Exam technique for Ratio, proportion and rates of change
Command words matter: "Express in the form 1:n" requires you to manipulate the ratio so the first part equals 1 by dividing through. "Calculate the ratio" usually accepts simplified whole number form. "Hence" or "Using your answer" signals that previous working connects to the current part.
Show clear working for method marks: Even with incorrect arithmetic, a clear method showing "total parts = 8" or "constant = 240" earns marks. Write the formula explicitly before substituting values, especially for compound measures like density or speed.
Unit conversion awareness: Check units in the question and units required for the answer. Currency, metric-imperial, and time unit conversions appear frequently. Convert at the start or end, never mid-calculation.
Read multi-step problems carefully: Many proportion questions embed several steps. A typical 5-mark question might require: unit conversion, finding a constant of proportionality, applying it to new values, then converting back. Plan before calculating.
Quick revision summary
Simplify ratios by dividing by HCF after converting to matching units.
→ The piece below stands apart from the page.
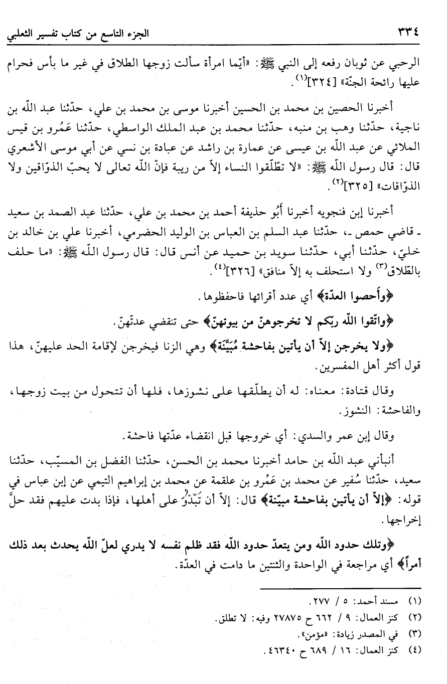 أنبأني عبد الله بن حامد أخبرنا محمد بن الحسن، حدّثنا الفضل بن المسيّب، حدّثنا سعيد، حدّثنا سفير عن محمد بن عمرو بن علقمة عن محمد بن إبراهيم التيمي عن ابن عباس في قوله: إِلَّا أَنْ يَأْتِينَ بِفاحِشَةٍ مُبَيِّنَةٍ قال: إلّا أن تبدو على أهلها، فإذا بدت عليهم فقد حلّ إخراجها.
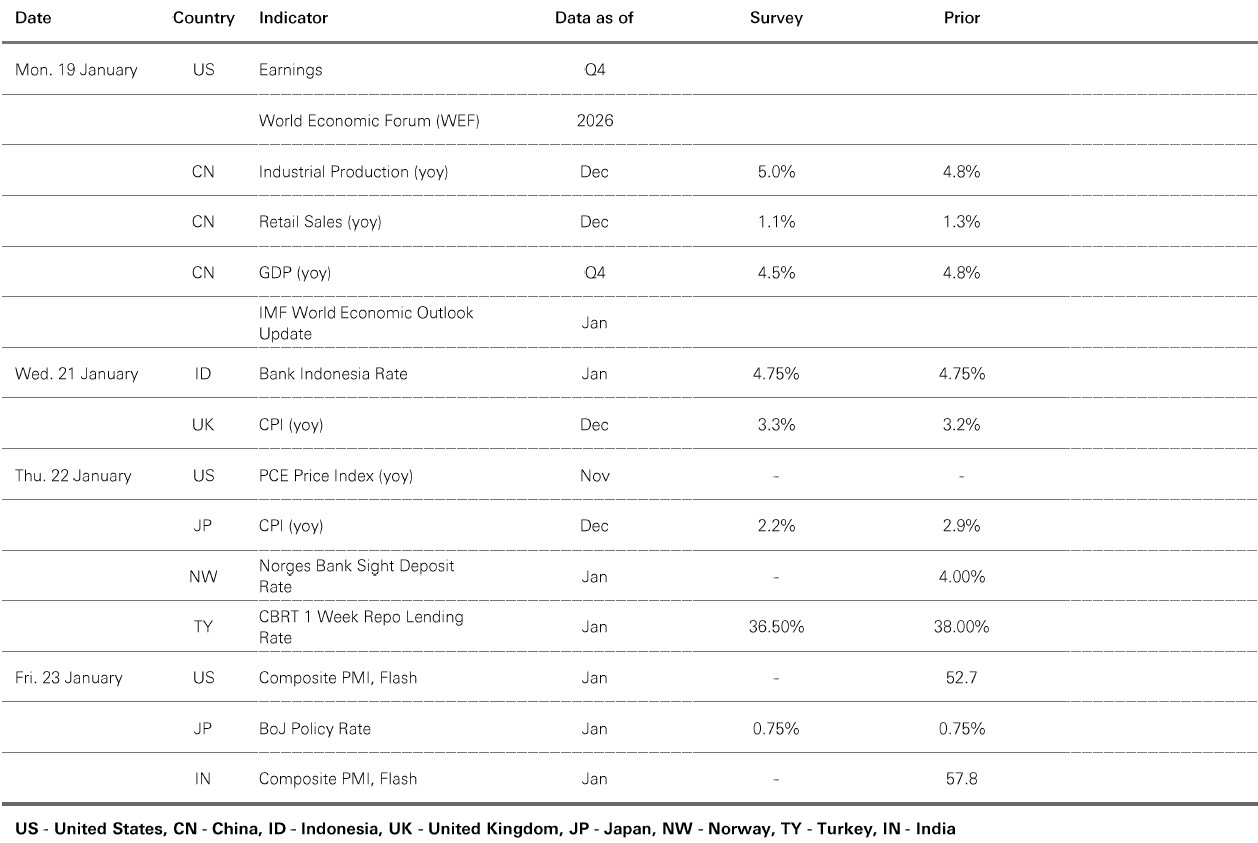 Market sentiment stayed largely positive amid the kick-off of the Q4 2025 US earnings season. The US dollar index rose modestly, while lingering geopolitical risks drove gold prices higher, and oil prices remained volatile. 10-year US Treasury yields were range-bound, whereas rising fiscal worries weighed on JGBs amid mounting expectations of an early election in Japan. The trend of “broadening out” continues in global stock markets: US equities traded mixed, with the small-cap Russell 2000 outperforming the S&P 500 and the tech-dominated Nasdaq. The Euro Stoxx 50 index reached a fresh high, while a weaker yen boosted Japan’s Nikkei 225. Elsewhere in Asian markets, the tech-driven Korean Kospi remained a star performer. Hang Seng also advanced, alongside mild gains in India’s Sensex, whereas Shanghai Composite pulled back from recent rallies.

Divide quantities by adding ratio parts to find one share. Direct proportion: y = kx, quantities increase together; inverse proportion: xy = k, one increases as the other decreases. Percentage multipliers: increase by 15% means ×1.15, decrease by 15% means ×0.85. Reverse percentages: divide by the multiplier. Speed = distance/time; density = mass/volume. Map scales with ratio 1:n mean 1 cm represents n cm in reality. Area scales by (scale factor)², volume by (scale factor)³. Always check units match before calculating.